Getting started with vectors in 23ai

With Oracle 23ai, Oracle AI Vector Search is added to the Oracle Database. It enhances perfectly Oracle’s converged database strategy by adding and integrating vector functionality natively. It can be combined with relational search on business data in one single system. Oracle AI Vector Search is designed for Artificial Intelligence (AI) workloads and allows you to query data based on semantics, rather than keywords. Therefore you don’t need to add a specialized vector database, eliminating the pain of data fragmentation between multiple systems. In addition there is a deep integration with other Oracle Database features including but not limited to security, availability, performance, partitioning, GoldenGate, RAC, Exadata, etc. Data held in the Oracle Database can be directly accessed via SQL, without the need to convert it into an intermediary form. Combining data in different formats is easy – all you need to do is join!

To get you a quick overview how you can start with the AI vector search capability, my colleague Stephane and I show in this tutorial how easy it is to build a short and simple scenario to demonstrate the functionality.
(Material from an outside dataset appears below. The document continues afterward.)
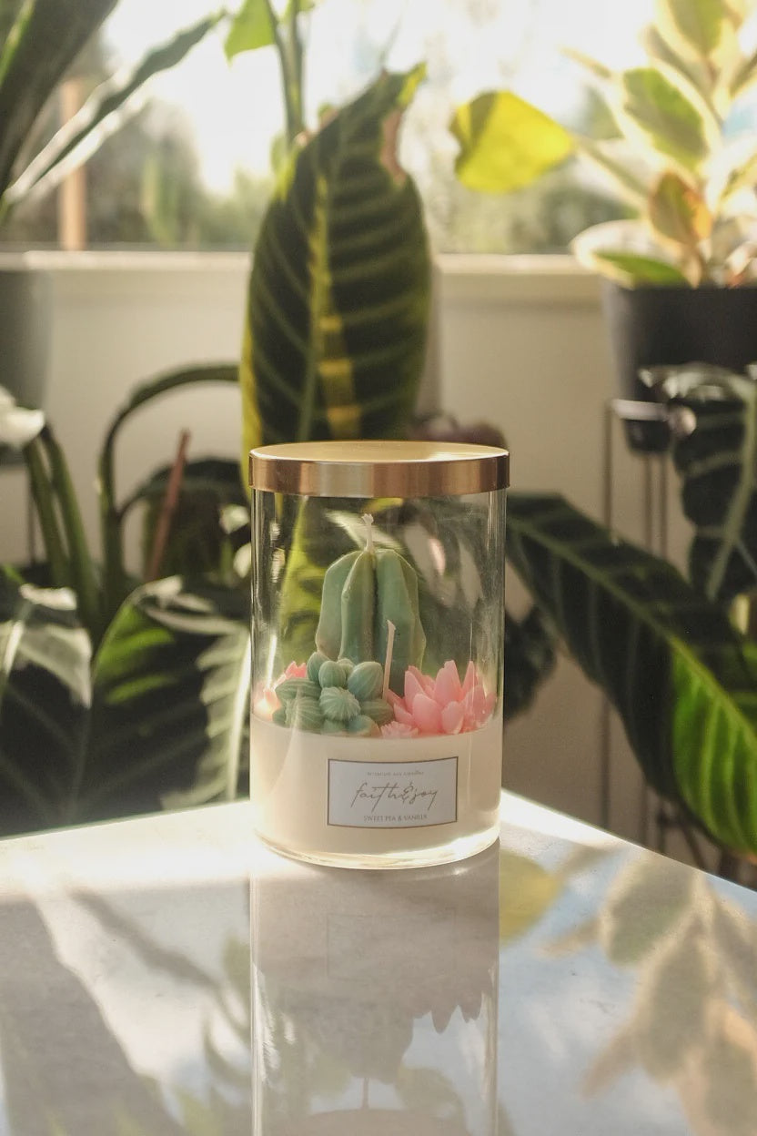 The unique cactus design candle arrangement adds a touch of natural charm to any room in your house, making it the perfect addition to your home décor. Comes with a gold metal brushed lid.

The following topics will be covered:

Introduction

In general you can create tables with the new vector data type VECTOR, insert vectors using INSERT, load vectors using SQL Loader or load and unload using Data Pump or to create vector indexes on your vector embeddings. New SQL functions are added such as vector distance functions and a number of other SQL functions and operators that you can use with vectors in Oracle AI Vector Search for creating, converting, and describing vectors or for chunking and embedding data.

A typical Oracle AI Vector Search worflow would look like this …

Image1: Oracle AI Vector Search Use Case Flowchart (source: documentation)

In the following tutorial we will demonstrate the following 3 main tasks:

Generating vector embeddings using a vector embedding model
Storing vector embeddings in a column with data type VECTOR
Using similarity search in SQL and ORDS

Let’s start with an explaination of some basic terms and concepts before we start with the tutorial.
With Oracle Database 23ai there is a new VECTOR data type. VECTOR is a new Oracle built-in data type. This data type represents a vector as a series of numbers stored in one of the following formats: INT8 (8-bit integers), FLOAT32 (32-bit floating-point numbers) or FLOAT64 (64-bit floating-point numbers). You can declare a column as vector data type, and optionally specify the number of dimensions and its storing format.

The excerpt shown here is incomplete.